*EXERCISE AIM:*
Look through the data below for the line with "圖為:印度領(lǐng)導(dǎo)為托" and the line with "Handgefertigter Kazak Teppich", then output those two and all lines in between, exactly as written.

[Opening MATERIAL SUPPLIED section]

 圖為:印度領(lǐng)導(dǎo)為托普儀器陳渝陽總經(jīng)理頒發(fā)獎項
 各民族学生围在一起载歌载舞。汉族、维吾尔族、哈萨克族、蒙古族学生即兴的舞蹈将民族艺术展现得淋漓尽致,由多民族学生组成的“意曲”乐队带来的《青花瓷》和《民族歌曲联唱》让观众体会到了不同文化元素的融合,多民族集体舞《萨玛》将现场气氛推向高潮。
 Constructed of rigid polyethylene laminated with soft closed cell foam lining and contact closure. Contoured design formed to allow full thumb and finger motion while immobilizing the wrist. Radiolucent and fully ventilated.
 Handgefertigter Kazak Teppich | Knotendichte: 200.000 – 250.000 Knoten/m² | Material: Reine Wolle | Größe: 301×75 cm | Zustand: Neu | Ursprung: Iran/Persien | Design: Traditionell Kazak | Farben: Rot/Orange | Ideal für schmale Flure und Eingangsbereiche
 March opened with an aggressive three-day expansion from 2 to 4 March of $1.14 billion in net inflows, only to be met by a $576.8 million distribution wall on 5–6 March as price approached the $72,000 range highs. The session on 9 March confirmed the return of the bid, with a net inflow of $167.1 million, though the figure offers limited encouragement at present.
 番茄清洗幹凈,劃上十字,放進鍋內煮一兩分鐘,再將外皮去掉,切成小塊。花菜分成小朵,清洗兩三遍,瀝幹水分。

[Closing MATERIAL SUPPLIED section]
[Opening MATERIAL SUPPLIED section]

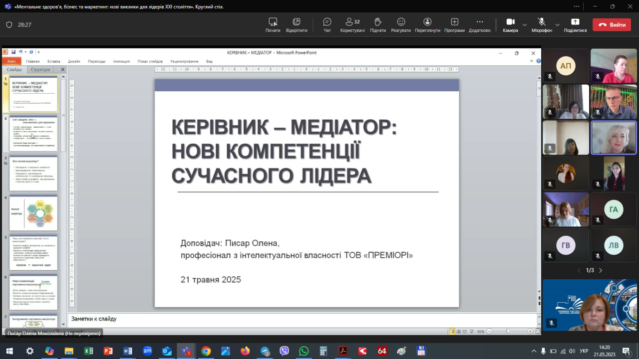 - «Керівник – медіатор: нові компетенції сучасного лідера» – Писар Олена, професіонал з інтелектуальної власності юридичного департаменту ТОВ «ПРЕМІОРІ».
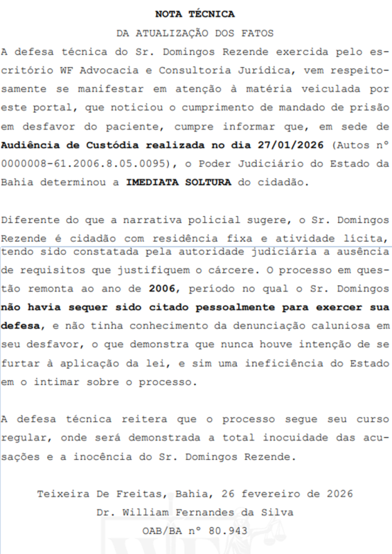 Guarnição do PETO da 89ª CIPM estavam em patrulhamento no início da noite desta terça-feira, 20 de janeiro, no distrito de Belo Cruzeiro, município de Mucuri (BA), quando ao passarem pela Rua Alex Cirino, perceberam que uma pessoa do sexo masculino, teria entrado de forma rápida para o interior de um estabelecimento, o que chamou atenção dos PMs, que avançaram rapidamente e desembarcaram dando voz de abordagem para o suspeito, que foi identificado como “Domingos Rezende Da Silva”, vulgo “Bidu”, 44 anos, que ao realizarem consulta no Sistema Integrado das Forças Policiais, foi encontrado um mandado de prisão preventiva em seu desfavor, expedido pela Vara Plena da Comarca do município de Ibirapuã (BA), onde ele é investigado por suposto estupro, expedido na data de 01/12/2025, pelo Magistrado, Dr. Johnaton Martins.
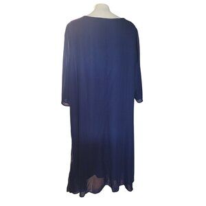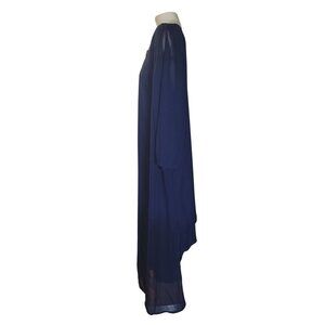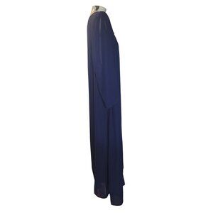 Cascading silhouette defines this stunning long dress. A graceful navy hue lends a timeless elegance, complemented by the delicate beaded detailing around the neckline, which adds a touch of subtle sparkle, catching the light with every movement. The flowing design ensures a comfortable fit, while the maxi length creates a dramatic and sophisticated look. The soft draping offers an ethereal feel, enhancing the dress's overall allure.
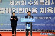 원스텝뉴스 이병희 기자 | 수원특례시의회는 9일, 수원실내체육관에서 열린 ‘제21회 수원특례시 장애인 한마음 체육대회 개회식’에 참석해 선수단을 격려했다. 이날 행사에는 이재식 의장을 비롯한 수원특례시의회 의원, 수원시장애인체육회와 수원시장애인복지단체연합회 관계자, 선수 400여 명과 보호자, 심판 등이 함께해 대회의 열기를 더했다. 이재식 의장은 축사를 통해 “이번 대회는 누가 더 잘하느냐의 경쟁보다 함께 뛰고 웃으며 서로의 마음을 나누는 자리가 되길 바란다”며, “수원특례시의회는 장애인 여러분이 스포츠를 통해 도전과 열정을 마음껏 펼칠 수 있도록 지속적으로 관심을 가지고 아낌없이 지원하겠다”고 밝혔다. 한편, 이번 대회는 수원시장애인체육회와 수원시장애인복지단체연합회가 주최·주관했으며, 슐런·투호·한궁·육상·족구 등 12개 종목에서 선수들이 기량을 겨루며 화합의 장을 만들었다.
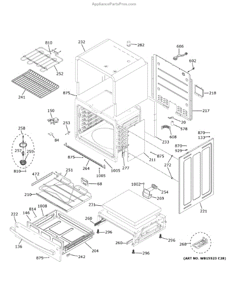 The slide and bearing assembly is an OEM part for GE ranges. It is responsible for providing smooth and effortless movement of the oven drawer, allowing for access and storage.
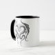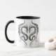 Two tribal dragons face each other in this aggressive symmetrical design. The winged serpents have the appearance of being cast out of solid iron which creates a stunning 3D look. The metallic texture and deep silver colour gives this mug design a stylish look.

[Closing MATERIAL SUPPLIED section]

*PROBLEM SOLUTION:*
 圖為:印度領(lǐng)導(dǎo)為托普儀器陳渝陽總經(jīng)理頒發(fā)獎項
 各民族学生围在一起载歌载舞。汉族、维吾尔族、哈萨克族、蒙古族学生即兴的舞蹈将民族艺术展现得淋漓尽致,由多民族学生组成的“意曲”乐队带来的《青花瓷》和《民族歌曲联唱》让观众体会到了不同文化元素的融合,多民族集体舞《萨玛》将现场气氛推向高潮。
 Constructed of rigid polyethylene laminated with soft closed cell foam lining and contact closure. Contoured design formed to allow full thumb and finger motion while immobilizing the wrist. Radiolucent and fully ventilated.
 Handgefertigter Kazak Teppich | Knotendichte: 200.000 – 250.000 Knoten/m² | Material: Reine Wolle | Größe: 301×75 cm | Zustand: Neu | Ursprung: Iran/Persien | Design: Traditionell Kazak | Farben: Rot/Orange | Ideal für schmale Flure und Eingangsbereiche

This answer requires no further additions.